Whether a developer, client or general consumer of the LLM, it is important to understand the implications of how this vulnerability could reflect risks within your LLM application when interacting with a non-proprietary LLM to understand the legitimacy of model outputs based on it's training procedures. Similarly, developers of the LLM may be at risk to both direct and indirect attacks on internal or third-party data used for fine-tuning and embedding (most common) which as a result creates a risk for all it's consumers.

How to Prevent

  1. Verify the supply chain of the training data, especially when sourced externally as well as maintaining attestations via the "ML-BOM" (Machine Learning Bill of Materials) methodology as well as verifying model cards.
  2. Verify the correct legitimacy of targeted data sources and data contained obtained during both the pre-training, fine-tuning and embedding stages.
  3. Verify your use-case for the LLM and the application it will integrate to.

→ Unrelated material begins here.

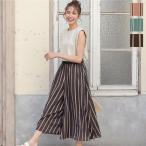 ワイドパンツ ガウチョ スカーチョ ウエストゴム ストライプ ゆったり 体型カバー 夏 レディース ボトムス M3344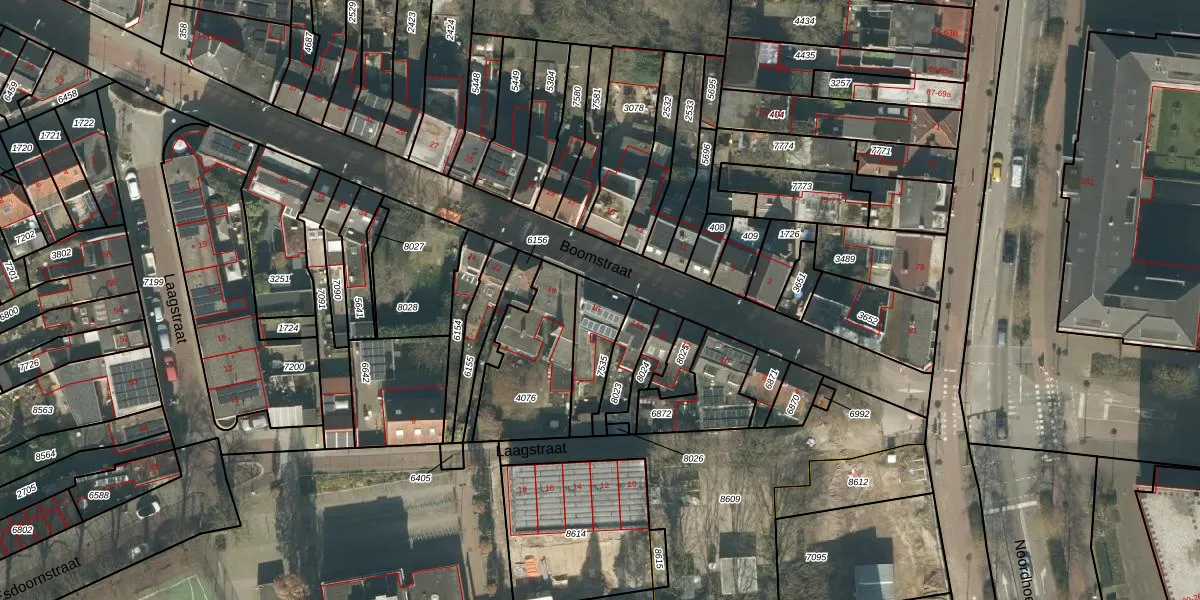 Boomstraat 16 is gelegen op kadastraal perceel TBG01P7535. Deze kadastrale aanduiding is uniek en wordt gebruikt door het Kadaster om eigendomsrechten en andere zakelijke rechten vast te leggen. Het perceel maakt onderdeel uit van de kadastrale gemeente Tilburg.

Craft different models via separate training data or fine-tuning for different use-cases to create a more granular and accurate generative AI output as per it's defined use-case.
  4. Ensure sufficient sandboxing through network controls are present to prevent the model from scraping unintended data sources which could hinder the machine learning output.
  5. Use strict vetting or input filters for specific training data or categories of data sources to control volume of falsified data. Data sanitization, with techniques such as statistical outlier detection and anomaly detection methods to detect and remove adversarial data from potentially being fed into the fine-tuning process.
  6. Adversarial robustness techniques such as federated learning and constraints to minimize the effect of outliers or adversarial training to be vigorous against worst-case perturbations of the training data.
    • An "MLSecOps" approach could be to include adversarial robustness to the training lifecycle with the auto poisoning technique.
    • An example repository of this would be Autopoison testing, including both attacks such as Content Injection Attacks (“(attempting to promote a brand name in model responses”) and Refusal Attacks (“always making the model refuse to respond”) that can be accomplished with this approach.
  7. Testing and Detection, by measuring the loss during the training stage and analyzing trained models to detect signs of a poisoning attack by analyzing model behavior on specific test inputs.
    • Monitoring and alerting on number of skewed responses exceeding a threshold.
    • Use of a human loop to review responses and auditing.
    • Implement dedicated LLMs to benchmark against undesired consequences and train other LLMs using reinforcement learning techniques.
    • Perform LLM-based red team exercises or LLM vulnerability scanning in the testing phases of the LLM lifecycle.

Example Attack Scenarios

  1. The LLM generative AI prompt output can mislead users of the application which can lead to biased opinions, followings or even worse, hate crimes etc.
  2. If the training data is not correctly filtered and|or sanitized, a malicious user of the application may try to influence and inject toxic data into the model for it to adapt to the biased and false data.
  3. A malicious actor or competitor intentionally creates inaccurate or malicious documents which are targeted at a model’s training data in which is training the model at the same time based on inputs. The victim model trains using this falsified information which is reflected in outputs of generative AI prompts to it's consumers.
  4. The vulnerability Prompt Injection could be an attack vector to this vulnerability if insufficient sanitization and filtering is performed when clients of the LLM application input is used to train the model. I.E, if malicious or falsified data is input to the model from a client as part of a prompt injection technique, this could inherently be portrayed into the model data.